## What the task asks
Exact copies of all the lines below are needed, without the pictures.

## Dataset extract
══════════

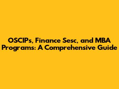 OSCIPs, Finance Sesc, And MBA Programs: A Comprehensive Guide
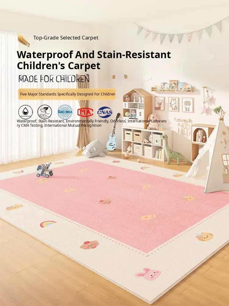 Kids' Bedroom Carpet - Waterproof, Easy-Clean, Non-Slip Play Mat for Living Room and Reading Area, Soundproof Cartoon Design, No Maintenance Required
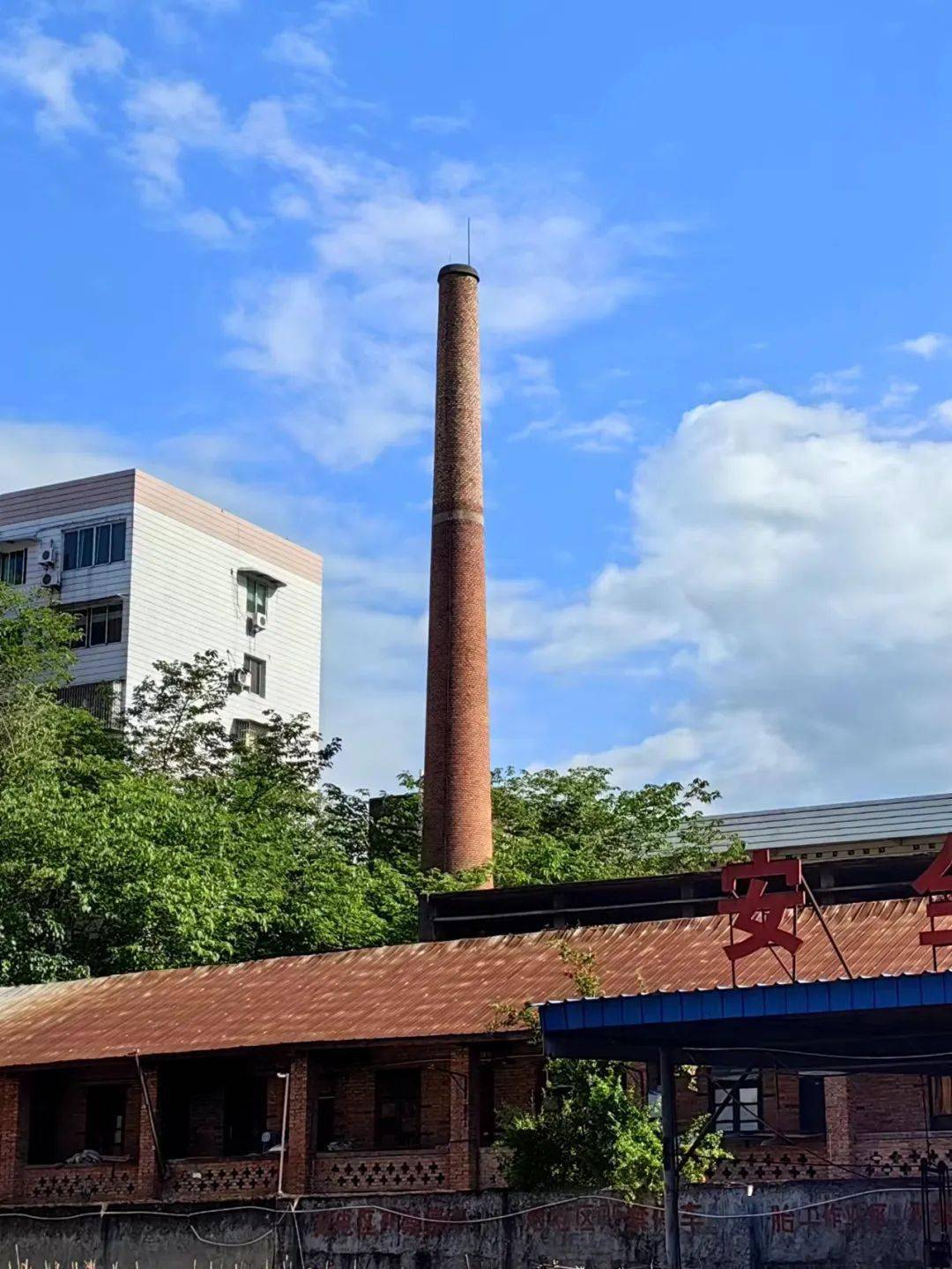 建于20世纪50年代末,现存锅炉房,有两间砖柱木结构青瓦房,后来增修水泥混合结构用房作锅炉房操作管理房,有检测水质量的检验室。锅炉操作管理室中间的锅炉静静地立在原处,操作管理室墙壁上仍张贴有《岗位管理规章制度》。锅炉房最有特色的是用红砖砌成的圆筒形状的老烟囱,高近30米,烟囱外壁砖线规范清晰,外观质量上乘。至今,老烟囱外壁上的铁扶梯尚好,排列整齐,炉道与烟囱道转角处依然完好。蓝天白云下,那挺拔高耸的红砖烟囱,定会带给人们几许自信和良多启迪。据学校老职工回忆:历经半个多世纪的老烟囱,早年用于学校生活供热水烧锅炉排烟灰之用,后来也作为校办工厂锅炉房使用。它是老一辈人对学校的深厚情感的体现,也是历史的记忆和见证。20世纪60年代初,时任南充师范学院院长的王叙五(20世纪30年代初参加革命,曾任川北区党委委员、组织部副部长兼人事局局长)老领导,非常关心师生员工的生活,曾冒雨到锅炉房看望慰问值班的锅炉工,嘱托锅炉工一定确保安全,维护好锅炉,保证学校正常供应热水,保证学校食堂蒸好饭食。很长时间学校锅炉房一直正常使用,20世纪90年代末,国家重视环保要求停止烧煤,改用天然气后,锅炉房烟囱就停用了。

══════════

## Exercise output
 OSCIPs, Finance Sesc, And MBA Programs: A Comprehensive Guide
 Kids' Bedroom Carpet - Waterproof, Easy-Clean, Non-Slip Play Mat for Living Room and Reading Area, Soundproof Cartoon Design, No Maintenance Required
 建于20世纪50年代末,现存锅炉房,有两间砖柱木结构青瓦房,后来增修水泥混合结构用房作锅炉房操作管理房,有检测水质量的检验室。锅炉操作管理室中间的锅炉静静地立在原处,操作管理室墙壁上仍张贴有《岗位管理规章制度》。锅炉房最有特色的是用红砖砌成的圆筒形状的老烟囱,高近30米,烟囱外壁砖线规范清晰,外观质量上乘。至今,老烟囱外壁上的铁扶梯尚好,排列整齐,炉道与烟囱道转角处依然完好。蓝天白云下,那挺拔高耸的红砖烟囱,定会带给人们几许自信和良多启迪。据学校老职工回忆:历经半个多世纪的老烟囱,早年用于学校生活供热水烧锅炉排烟灰之用,后来也作为校办工厂锅炉房使用。它是老一辈人对学校的深厚情感的体现,也是历史的记忆和见证。20世纪60年代初,时任南充师范学院院长的王叙五(20世纪30年代初参加革命,曾任川北区党委委员、组织部副部长兼人事局局长)老领导,非常关心师生员工的生活,曾冒雨到锅炉房看望慰问值班的锅炉工,嘱托锅炉工一定确保安全,维护好锅炉,保证学校正常供应热水,保证学校食堂蒸好饭食。很长时间学校锅炉房一直正常使用,20世纪90年代末,国家重视环保要求停止烧煤,改用天然气后,锅炉房烟囱就停用了。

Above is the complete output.